WORK REQUIRED =>
From the listing that follows, output everything exactly except the pictures.

PROVIDED MATERIAL =>
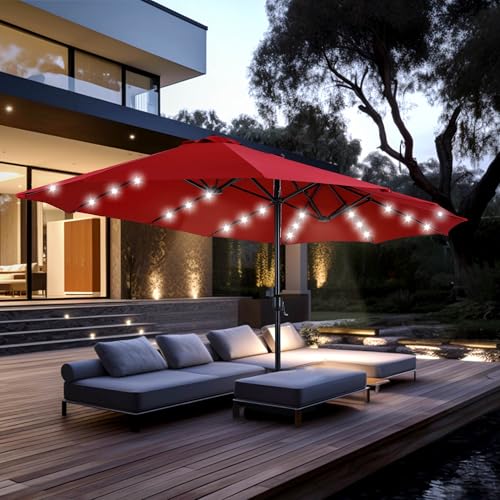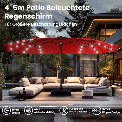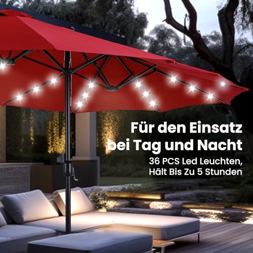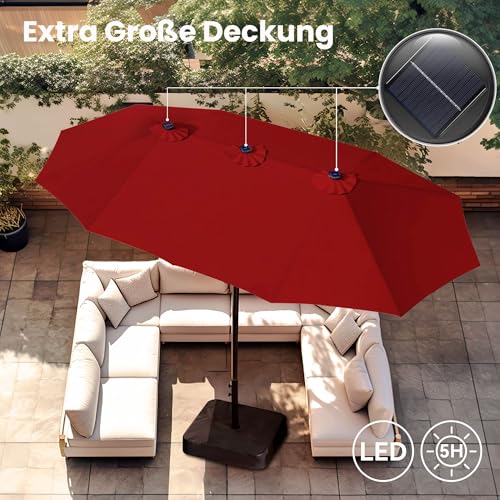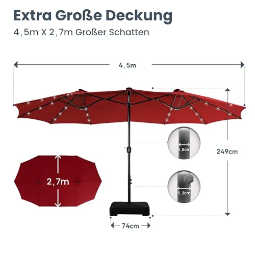 - Extra große Patio beleuchteten Sonnenschirm: PHI VILLA dieser 2,7x4,5m große Terrassenschirm verfügt über ein doppelseitiges Design, das Ihnen maximalen Schutz bietet, der Ihnen große Schatten für Ihr Outdoor-Vergnügen bringt. Perfekt geeignet für private und gewerbliche Standorte
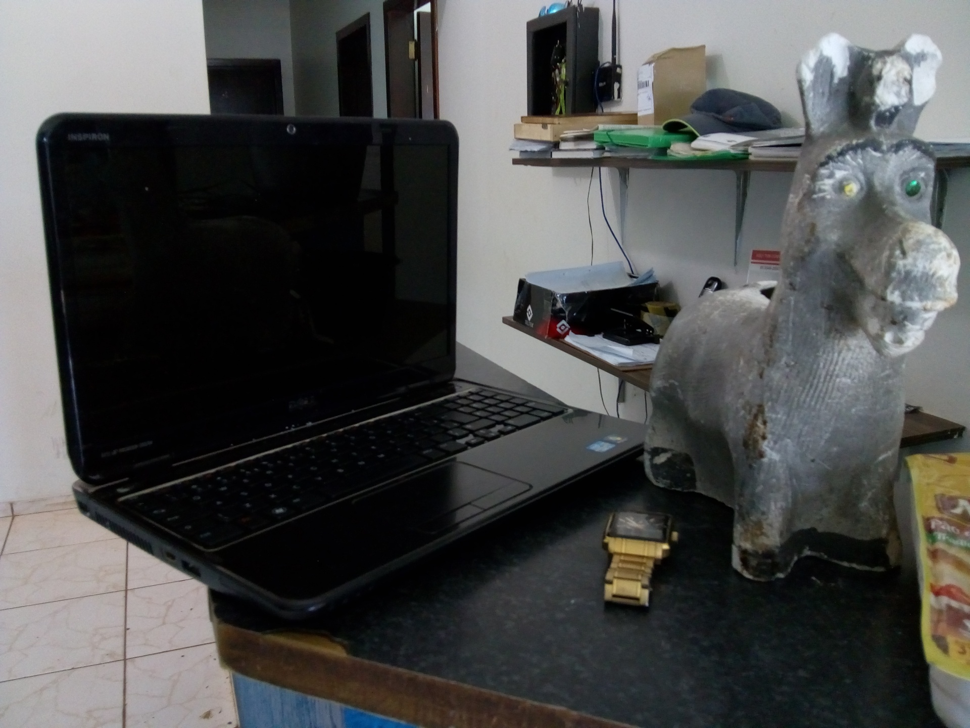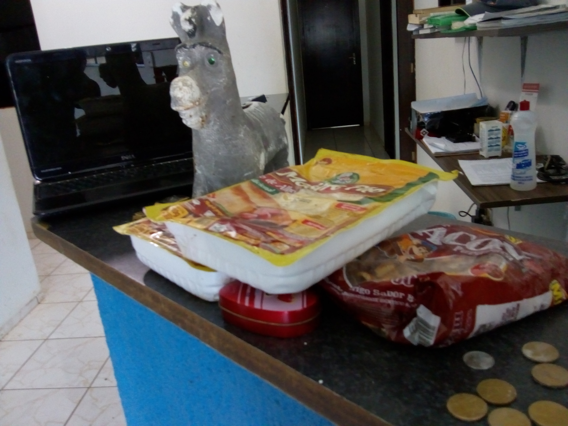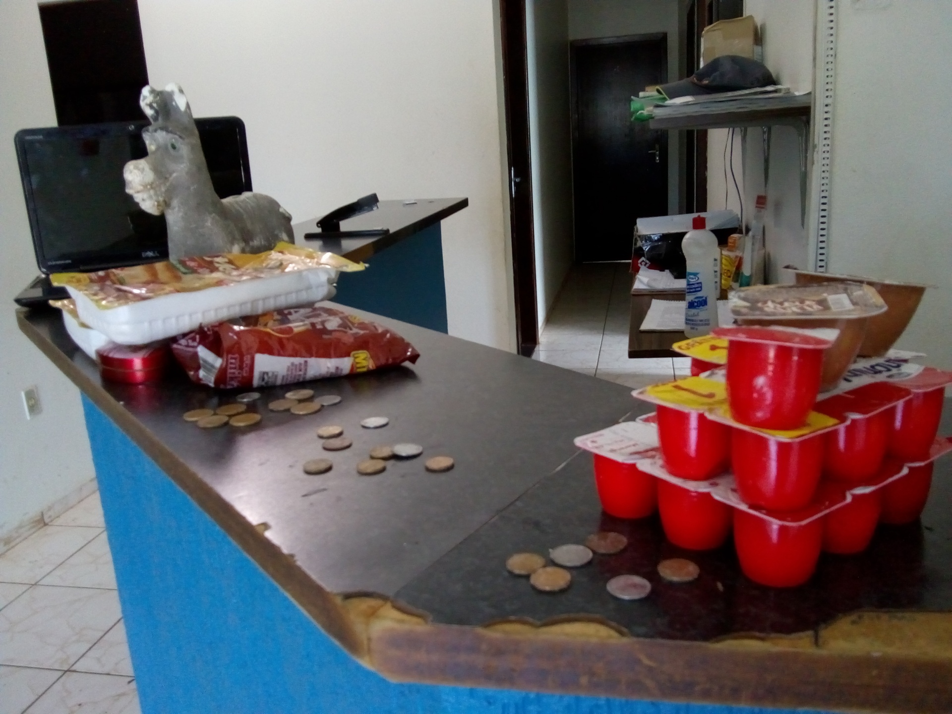 Os policiais fizeram rondas e encontraram o rapaz de 21 anos, que já é conhecido dos meios policiais, um uma bolsa contendo um notebook, um cofrinho cheio de moedas, além de alimentos, que teria furtado dessa casa.
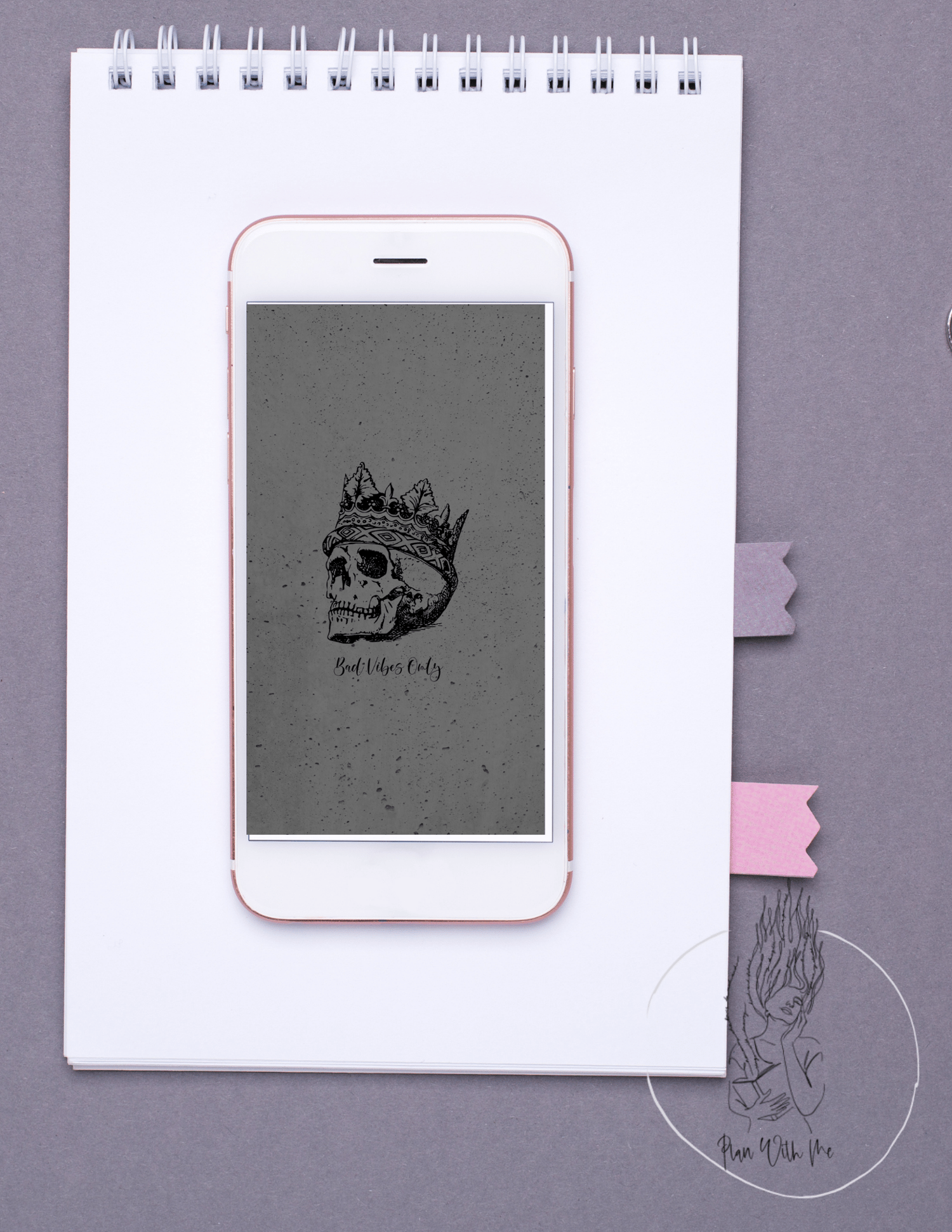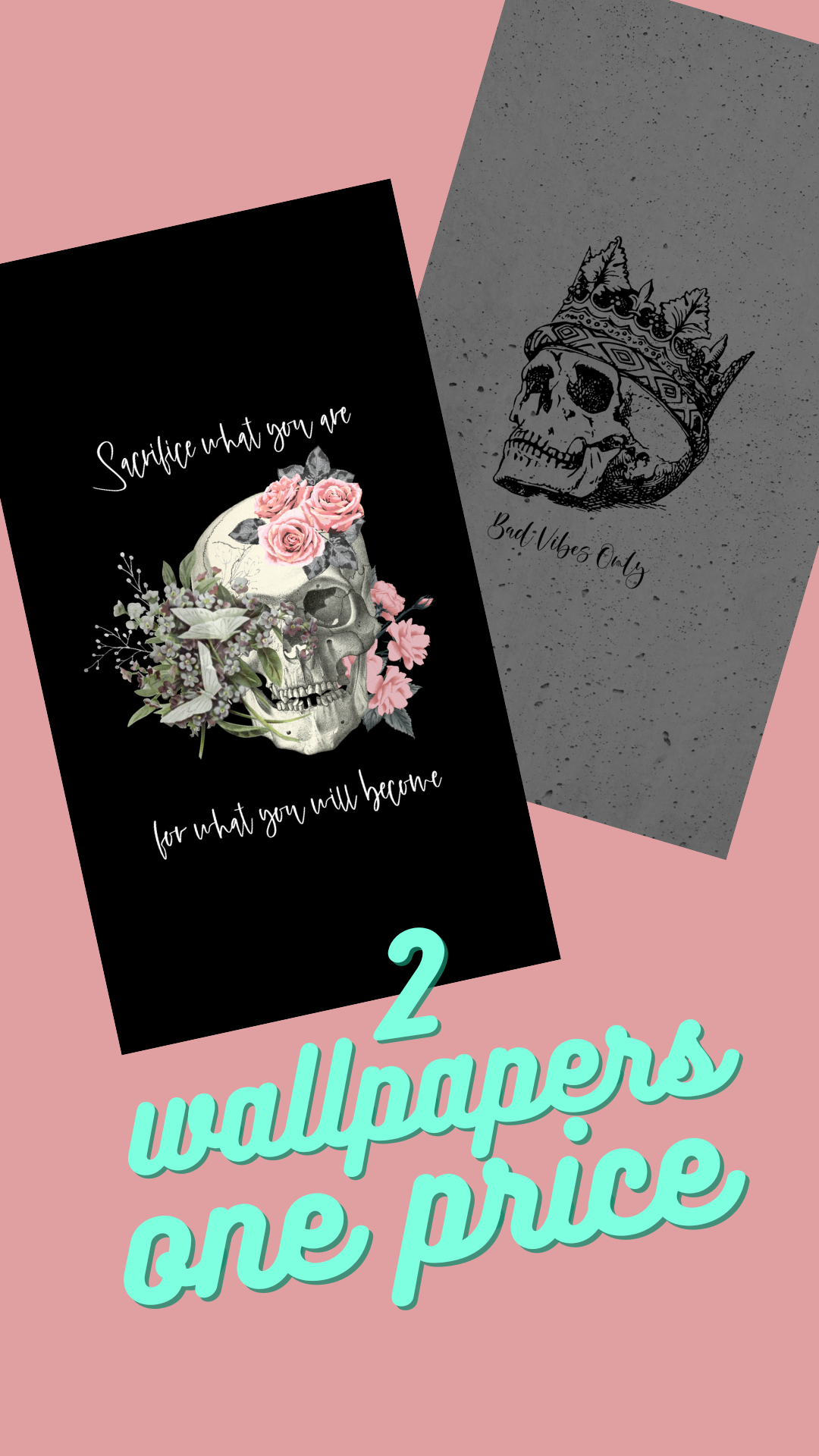 Change is hard and scary, but sometimes, we have to do scary things to become the most awesome version of ourselves. Show the world you're not only a smarty pants for knowing this, but you've got amazing taste as well! A skull with florals reads "Sacrifice what you are for what you can become" (a quote by Eric Thomas, PhD) on a black background. Then a funsie "Bad vibes only" with a killer crowned skull for your second download for those days when you just cant with the positivity. Two awesome wallpapers for an awesome person....YOU!

SOLUTION TO THE PROBLEM =>
 - Extra große Patio beleuchteten Sonnenschirm: PHI VILLA dieser 2,7x4,5m große Terrassenschirm verfügt über ein doppelseitiges Design, das Ihnen maximalen Schutz bietet, der Ihnen große Schatten für Ihr Outdoor-Vergnügen bringt. Perfekt geeignet für private und gewerbliche Standorte
 Os policiais fizeram rondas e encontraram o rapaz de 21 anos, que já é conhecido dos meios policiais, um uma bolsa contendo um notebook, um cofrinho cheio de moedas, além de alimentos, que teria furtado dessa casa.
 Change is hard and scary, but sometimes, we have to do scary things to become the most awesome version of ourselves. Show the world you're not only a smarty pants for knowing this, but you've got amazing taste as well! A skull with florals reads "Sacrifice what you are for what you can become" (a quote by Eric Thomas, PhD) on a black background. Then a funsie "Bad vibes only" with a killer crowned skull for your second download for those days when you just cant with the positivity. Two awesome wallpapers for an awesome person....YOU!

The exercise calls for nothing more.